Went with MC! Just Love it :thumbsup:


----------



## Killz (Oct 5, 2009)

this is a tough one..im torn between a few.


----------



## dudeabides (Sep 30, 2008)

Killstarz said:


> this is a tough one..im torn between a few.


Hope you get more votes yourself. It stood out as Wand in something that resembled an epic to me. Had to pick that one :thumbsup: Hope you have such good success here that you don't need it too much in CPL, heh.


----------



## Killz (Oct 5, 2009)

dudeabides said:


> Hope you get more votes yourself. It stood out as Wand in something that resembled an epic to me. Had to pick that one :thumbsup: Hope you have such good success here that you don't need it too much in CPL, heh.


thanks dude, although im well overdue a win in the CPL


----------



## limba (Jul 21, 2009)

I'm voting with killstarz!
I love the background - brazilian flag and wand fight team logo. Plus Wanderlei is one of my favorite fighters!
Excellent sigs evyrone! 
I'm still learning. One day i wish to catch up to you guys!


----------



## G_Land (Aug 11, 2009)

Gotta go with my girl Hkado on this one


----------



## NikosCC (May 16, 2007)

Awesome sigs everyone but had to go with my boy MC..


----------



## Kado (Apr 18, 2010)

Everyone did really well, hope we have some more contests in the near future.

and how long is voting opened?


----------



## K R Y (Nov 19, 2007)

Voting is open until 18:00 (British Summer Time) Saturday.
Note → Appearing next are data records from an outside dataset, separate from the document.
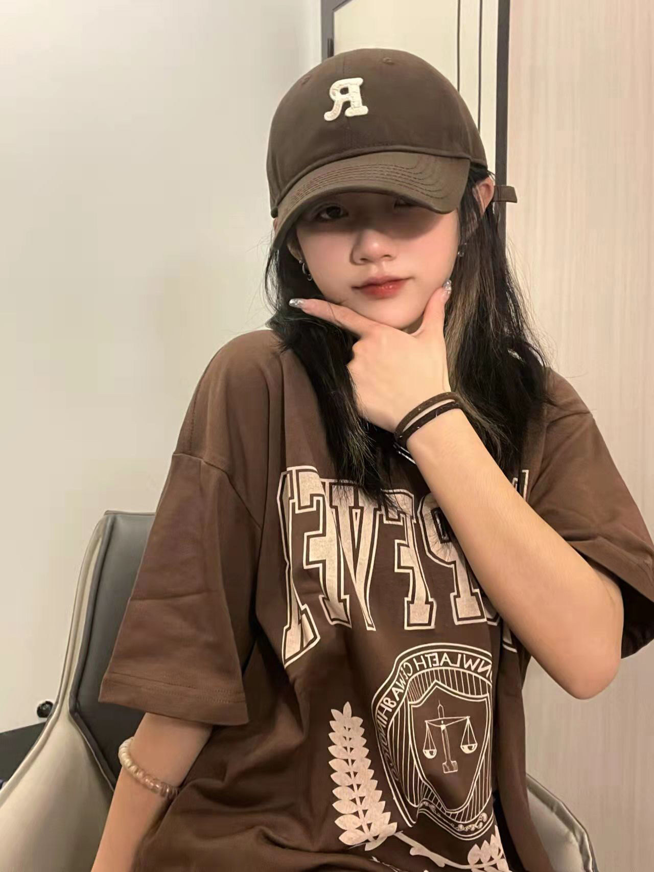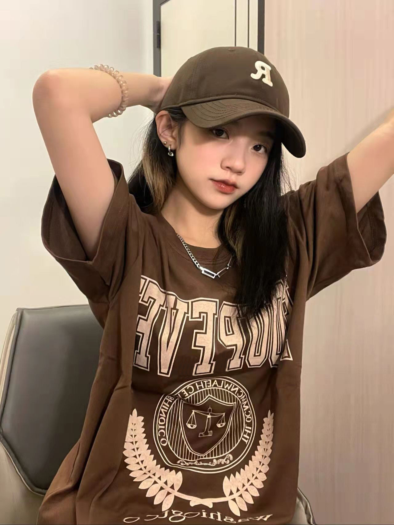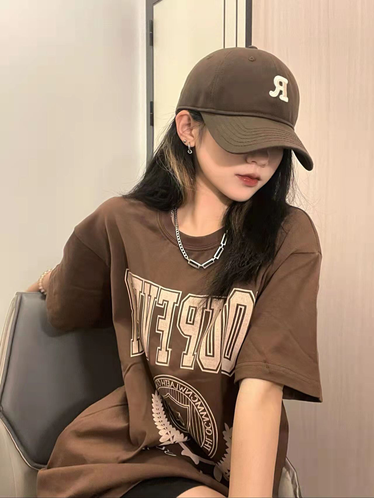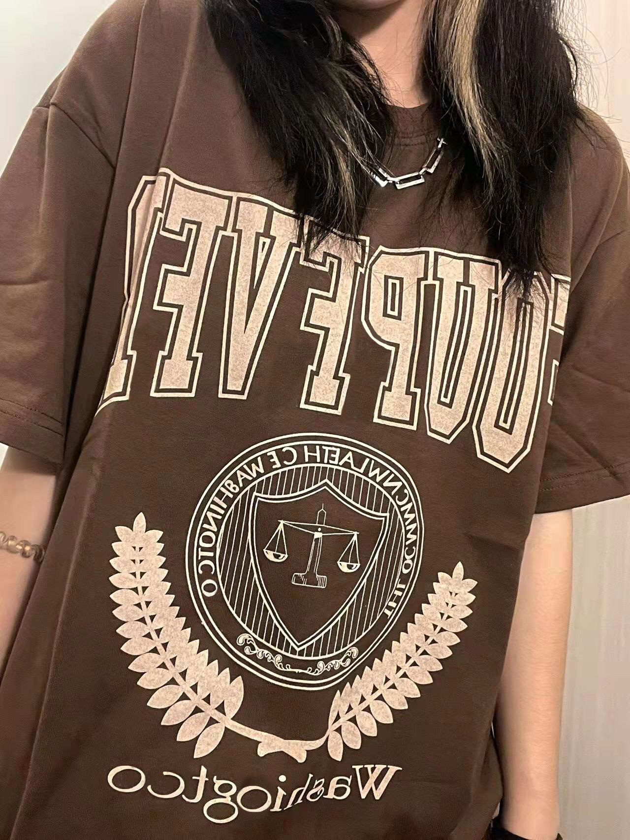 Tide, ретро коричневая летняя сексуальная футболка, в американском стиле, свободный крой, оверсайз
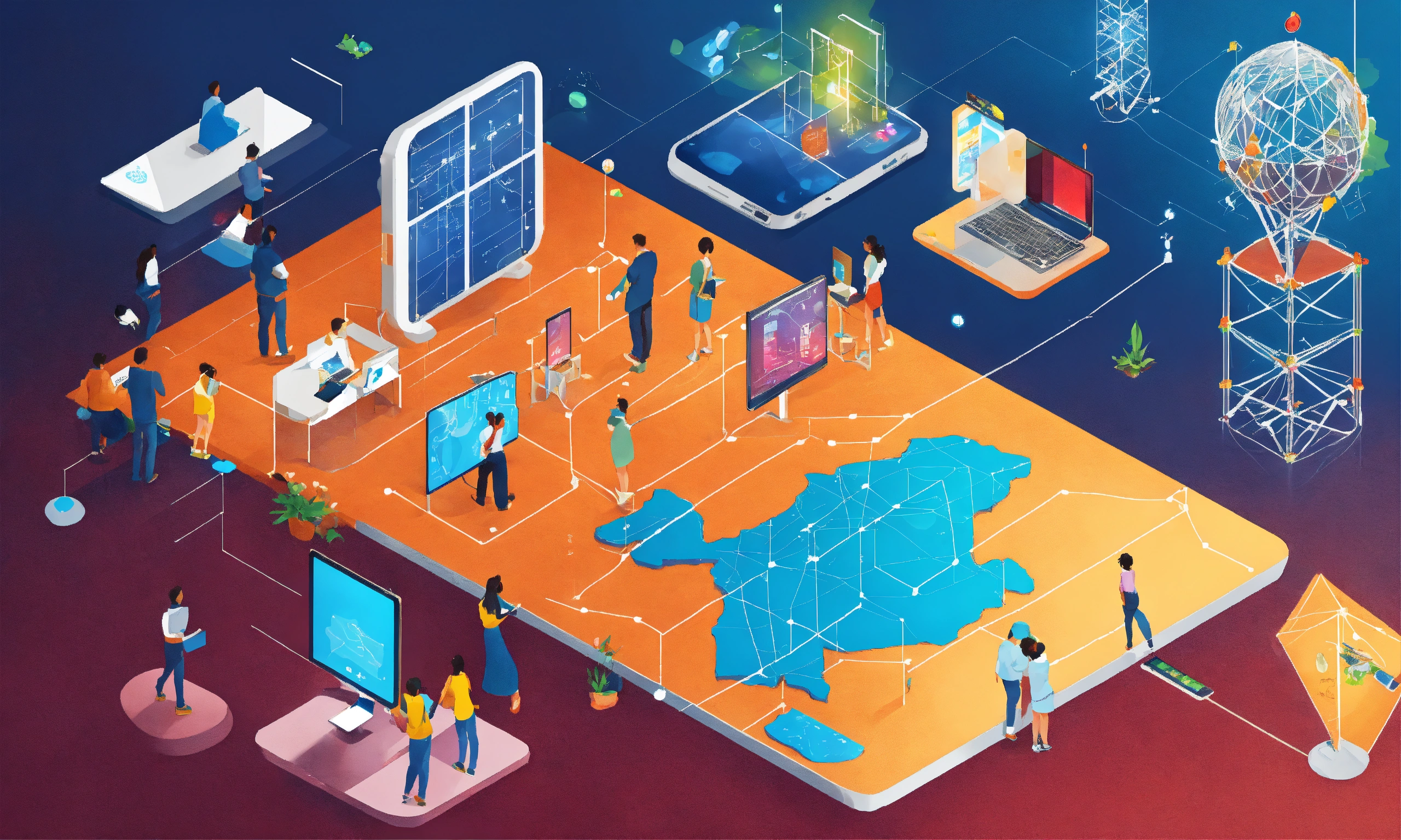 A visual representation of india on a map or an outline of india to show the geographical context. icons or symbols representing technology and connectivity, such as wireless signals or network connectivity symbols. illustrations of wireless transmission towers or antennas to depict air fiber technology. graphics showing the growth or spread of connectivity across different regions of india. images of people using digital devices like smartphones, laptops, or tablets to represent the empowerment of individuals through high-speed internet access.
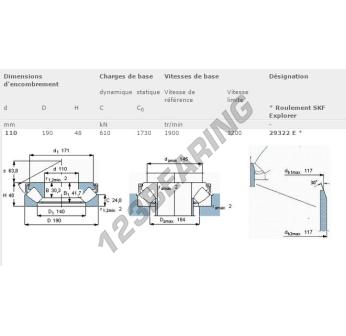 Il Cuscinetti Assiali A Rulli, noto come 29322-E-SKF SKF, ha un diametro interno di 110 mm, un diametro esterno di 190 mm e uno spessore di 48 mm.

I forgot to add the deadline when making the poll.

I will be doing these comps quite often don't worry, although this one will have the highest credit prize(Unless all my bets come through awesomely, but I doubt they will). I'll also be joining in a few once I get Photoshop back as well (just upgraded to Windows 7 and am being lazy with re-installing things)


----------



## Kado (Apr 18, 2010)

had to show jbritt some love for the 300 sig. One of my fave movies.


----------



## HitOrGetHit (Jun 29, 2009)

This was a tough one. They were all great. I went with MC even though Lightning is much cooler than Vanille! :thumb02:


----------



## xeberus (Apr 23, 2007)

between MC and Hk


----------



## M.C (Jul 5, 2008)

This comp turned out quite well, nice votes and great siggies. Everyone should thank Kry for hosting it, it's going very well.

Thanks to all who voted for me, of course.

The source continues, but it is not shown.